FairQE: Multi-Agent Framework for Mitigating Gender Bias in Translation Quality Estimation

arXiv cs.AI / 4/25/2026

📰 NewsIdeas & Deep AnalysisModels & Research

Key Points

  • Quality Estimation (QE) models for machine translation can show systematic gender bias, including favoring masculine outputs in ambiguous contexts and over-scoring gender-mismatched translations even when gender is explicitly provided.
  • FairQE is introduced as a fairness-aware, multi-agent framework that detects gender cues, generates gender-flipped translation variants, and uses these to counter bias in both gender-ambiguous and gender-explicit cases.
  • The framework integrates conventional QE scoring with LLM-based bias-mitigating reasoning via a dynamic, bias-aware aggregation mechanism, aiming to remain “plug-and-play” with existing QE systems.
  • Experiments across multiple gender-bias evaluation settings show consistent fairness improvements versus strong QE baselines, while meta-evaluation using MQM-based methods after WMT 2023 Metrics Shared Task indicates competitive or better overall QE performance.
  • Overall, the work suggests gender bias in translation evaluation can be reduced effectively without sacrificing evaluation accuracy, improving reliability of translation assessment.

Abstract

Quality Estimation (QE) aims to assess machine translation quality without reference translations, but recent studies have shown that existing QE models exhibit systematic gender bias.
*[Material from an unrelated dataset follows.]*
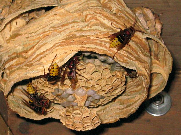 Im Hornissennest von Hans Bugert befinden sich bereits kleine Larven in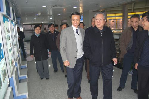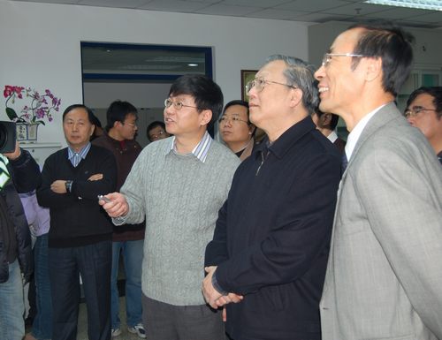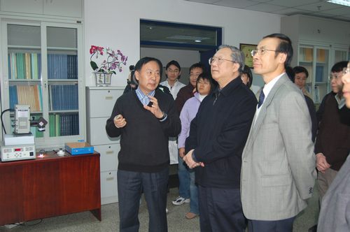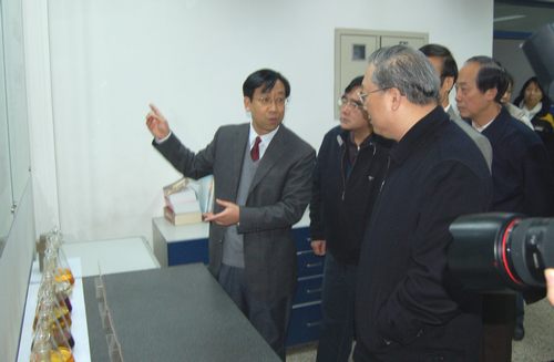 路甬祥院长一行参观了化学所光化学院重点实验室、有机固体院重点实验室,分别听取了赵进才研究员关于汽油氧化脱硫,宋延林研究员、李永舫研究员、薄志山研究员和林原研究员关于太阳能电池,徐坚副所长关于碳纤维等方面研究工作进展的介绍。路甬祥院长对化学所在基础研究以及满足国家需求方面的研究取得的成绩给予充分肯定。路院长一行还参观了化学所展厅,听取了万立骏所长关于化学所50年发展历程的介绍。

In particular, they tend to favor masculine realizations in gender-ambiguous contexts and may assign higher scores to gender-misaligned translations even when gender is explicitly specified. To address these issues, we propose FairQE, a multi-agent-based, fairness-aware QE framework that mitigates gender bias in both gender-ambiguous and gender-explicit scenarios. FairQE detects gender cues, generates gender-flipped translation variants, and combines conventional QE scores with LLM-based bias-mitigating reasoning through a dynamic bias-aware aggregation mechanism. This design preserves the strengths of existing QE models while calibrating their gender-related biases in a plug-and-play manner. Extensive experiments across multiple gender bias evaluation settings demonstrate that FairQE consistently improves gender fairness over strong QE baselines. Moreover, under MQM-based meta-evaluation following the WMT 2023 Metrics Shared Task, FairQE achieves competitive or improved general QE performance. These results show that gender bias in QE can be effectively mitigated without sacrificing evaluation accuracy, enabling fairer and more reliable translation evaluation.